-- What is needed --
A faithful copy of each entry below is expected, with the images removed.
### Input records ###
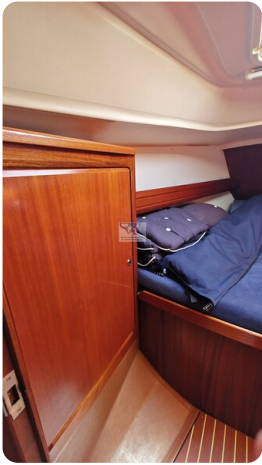
Bavaria 37_msp 23
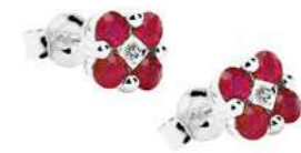
Art.OR60 Orecchini Rub. ct. 0,70 Diam. ct. 0,03 Gold 18 kt gr. 1,80
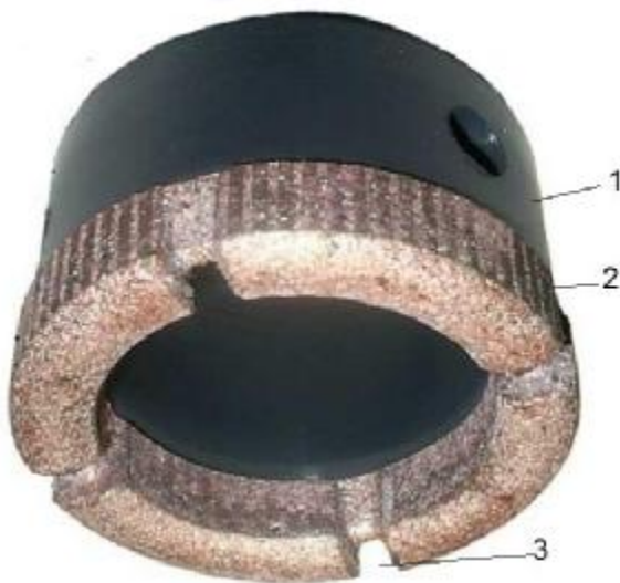
Рис. 1 – Загальний вигляд коронки: 1 – корпус; 2 – матриця; 3 – промивальні канали
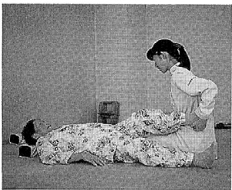
実習する前島さん

岐阜市の平成医療専門学院理学療法学科二年(小矢部市出身)は二月二日から三月六日まで、リハビリテーションで実習をうけた。以下はその感想文である。 「あっといふ間の五週間でした。ようやく患者さまとも楽しくお話 患者さまと接し、お話を聞いていくうちに、障害に対するさまざまな思いに触れ、今思えば、そんな患者さまの姿に励まされながらの実習だったように思います。 最後に、ご迷惑をかけ通じたにもかかわらず、時間をさいて御指導くださった先生方、そして患者さま、お世話になりました。本当に、ありがとうございました。
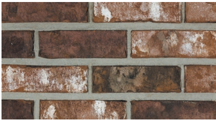
New Heaven Antique
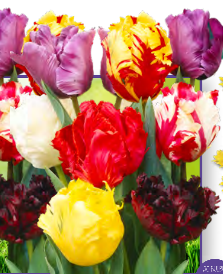
Art 1 - Tulipes Perroquet TULIPA PARROT
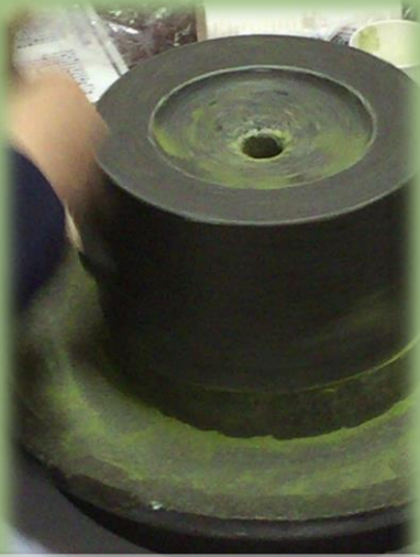
石臼でお茶を挽いてみよう

大坂の伝統的な町家の中で、和の文化をプチ体験できる特別な2日間です。 石臼でお茶を挽いたり、昔遊びをしたり、風呂敷の便利な包み方などを体験してみましょ。
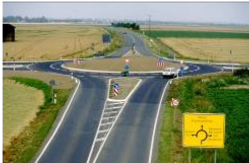
Bild 1 und 2: Diese einfache und zweckdienliche Ausführungsart entspricht der Standardausführung
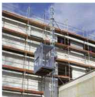
Personen- und Lastenaufzüge
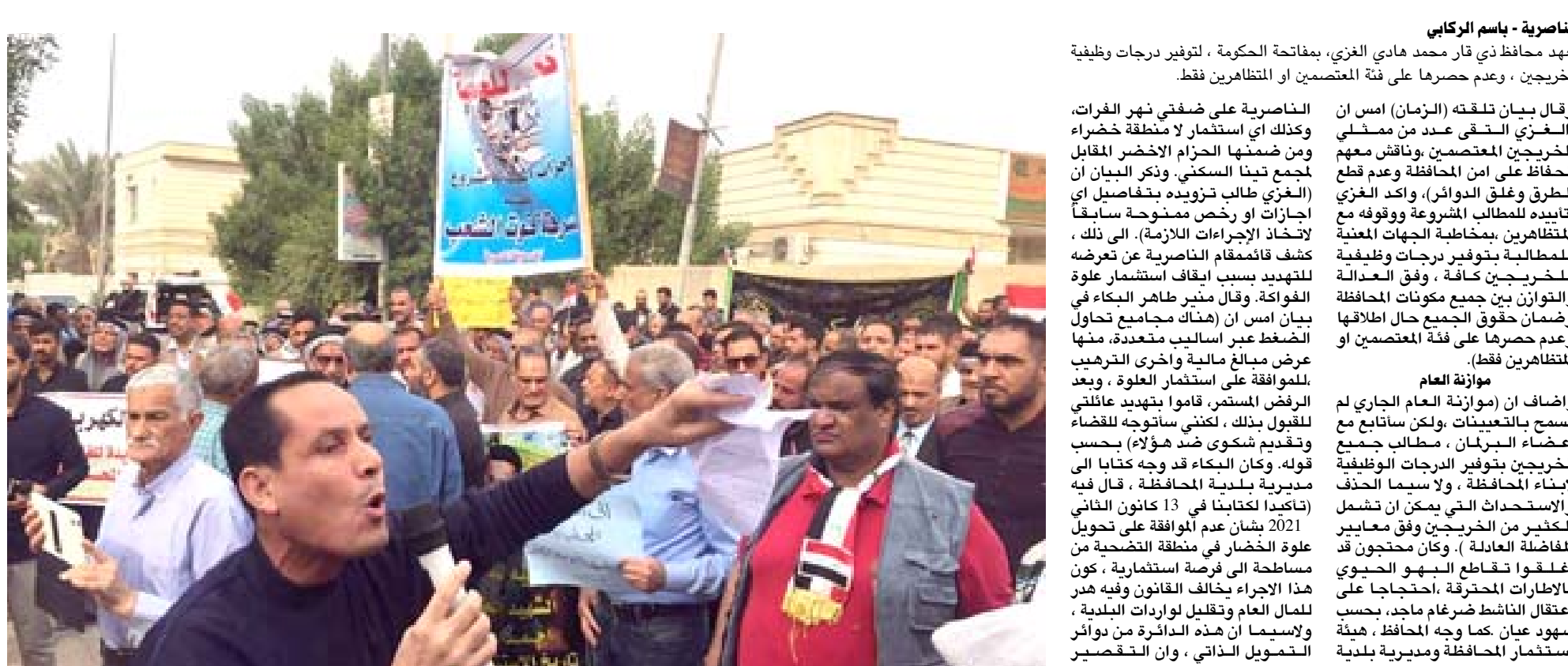
الناصرة - باسم الزكابي تعهد محافظ ذي قار محمد هادي الغزي، بفتاحة الحكومة، لتوفير درجات وظيفية للخريجين، وعدم حصرها على فئة المعتمدين أو المتظاهرين فقط.

وقال بيان تلقته (الزمان) اسم ان (الغزّي السّقى عدد من ممسلي الخريجين المعتمدين، وناقش معهم الحفاظ على أمن المحافظة وعدم قطع الطرق وغلّق الدوائر)، وأكد الغزّي (تأنيده للمطالب المشروعة ووقوفه مع المظاهرين، بمخاطبة الجهات المعنية للمطالبية بتوفير درجات وظيفية للخريجين كافة، وفق العدالة والتوازن بين جميع مكونات المحافظة وضمان حقوق الجميع حال اطلاقها وعدم حصرها على فئة المعتمدين أو المظاهرين فقط).
###
-- Exercise answer --
Bavaria 37_msp 23
Art.OR60 Orecchini Rub. ct. 0,70 Diam. ct. 0,03 Gold 18 kt gr. 1,80
Рис. 1 – Загальний вигляд коронки: 1 – корпус; 2 – матриця; 3 – промивальні канали
実習する前島さん

岐阜市の平成医療専門学院理学療法学科二年(小矢部市出身)は二月二日から三月六日まで、リハビリテーションで実習をうけた。以下はその感想文である。 「あっといふ間の五週間でした。ようやく患者さまとも楽しくお話 患者さまと接し、お話を聞いていくうちに、障害に対するさまざまな思いに触れ、今思えば、そんな患者さまの姿に励まされながらの実習だったように思います。 最後に、ご迷惑をかけ通じたにもかかわらず、時間をさいて御指導くださった先生方、そして患者さま、お世話になりました。本当に、ありがとうございました。
New Heaven Antique
Art 1 - Tulipes Perroquet TULIPA PARROT
石臼でお茶を挽いてみよう

大坂の伝統的な町家の中で、和の文化をプチ体験できる特別な2日間です。 石臼でお茶を挽いたり、昔遊びをしたり、風呂敷の便利な包み方などを体験してみましょ。
Bild 1 und 2: Diese einfache und zweckdienliche Ausführungsart entspricht der Standardausführung
Personen- und Lastenaufzüge
الناصرة - باسم الزكابي تعهد محافظ ذي قار محمد هادي الغزي، بفتاحة الحكومة، لتوفير درجات وظيفية للخريجين، وعدم حصرها على فئة المعتمدين أو المتظاهرين فقط.

وقال بيان تلقته (الزمان) اسم ان (الغزّي السّقى عدد من ممسلي الخريجين المعتمدين، وناقش معهم الحفاظ على أمن المحافظة وعدم قطع الطرق وغلّق الدوائر)، وأكد الغزّي (تأنيده للمطالب المشروعة ووقوفه مع المظاهرين، بمخاطبة الجهات المعنية للمطالبية بتوفير درجات وظيفية للخريجين كافة، وفق العدالة والتوازن بين جميع مكونات المحافظة وضمان حقوق الجميع حال اطلاقها وعدم حصرها على فئة المعتمدين أو المظاهرين فقط).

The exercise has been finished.